Philosophers, warriors and monks all share a common spiritual legacy in this regard. They all seek something outside the cheaply earned and constantly adjusting value systems of social currency traders and creators. They all seek forms of distinction whereby the trajectory for gaining it is almost totally uncommodifiable, comes at a high demand of sacrifice—and is rarely ‘copied’ in the simple sense; it is certainly not reproducible as so many other aspects of human relations are through marketing. In this context, mimicry is too demanding and risky to be favourable to those who are simply looking for mimetic relationships to power and beauty.
According to Elias, this mimicry and identification often comes with crippling conditions of perpetual shame for class aspirants.
Again, do we not see this courtization phenomena—and its anxious incongruity and falseness—in various forms of politicized marketing? I again couldn’t help but think of the progressive managerial norms whereby not only class status is childishly mimicked but also a certain historical character is copied. Recall the DSA meeting in 2019 (an American Democratic Socialist party) that went viral after one of their meetings live-streamed. The meeting contained all sorts of peculiar rituals and aggressively enforced behavioural codes that could only be described as incongruity, distress and falseness: what we would later call ‘cringe’. Despite the hysterics of conservatives, these ‘radicals’ were just another bump in the road of post-industrial courtly life. Political marketing takes historical actions and figures and makes it mimicable in a false and jarring sense; a sense in which high anxieties are infused with evidently false behaviours. All altruistic corporate capitalism reflects the same phenomena; its board rooms, ‘activists’ diversity quotas, ecological concerns and so on. It all stinks of the same incongruous, status-anxious and largely mindless pursuit of social access that Elias describes within the merging of the bourgeoisie and courtly nobility.

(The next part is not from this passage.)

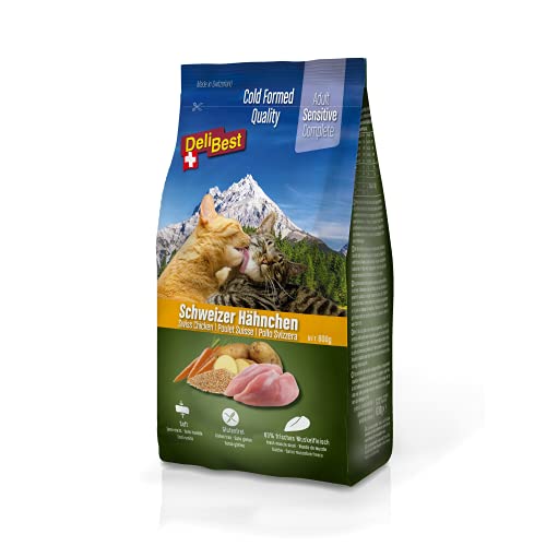 DeliBest Adult Sensitive Complete Cat kyckling I torrfoder för katter I tillverkad av 100% schweiziskt kycklingkött I kornfritt och utan tillsatser I Kattmat kallpressad I 600 g

The era of absolutism provides such a crucial contextual parallel with our time, as it reveals a situation whereby, for sociological reasons, a view of ourselves ‘as we are’ —stripped from the mere realm of trinkets, objects, performative mannerisms, naked in front of an all knowing God in the Platonic and Christian sense—is shifted towards a purely conventional self consciousness whereby what is good can be moved about and managed based on a mere desire for distinction alone, lacking the reality of that distinction. The radical (real) self consciousness is replaced by a courtly one crafted through social currency.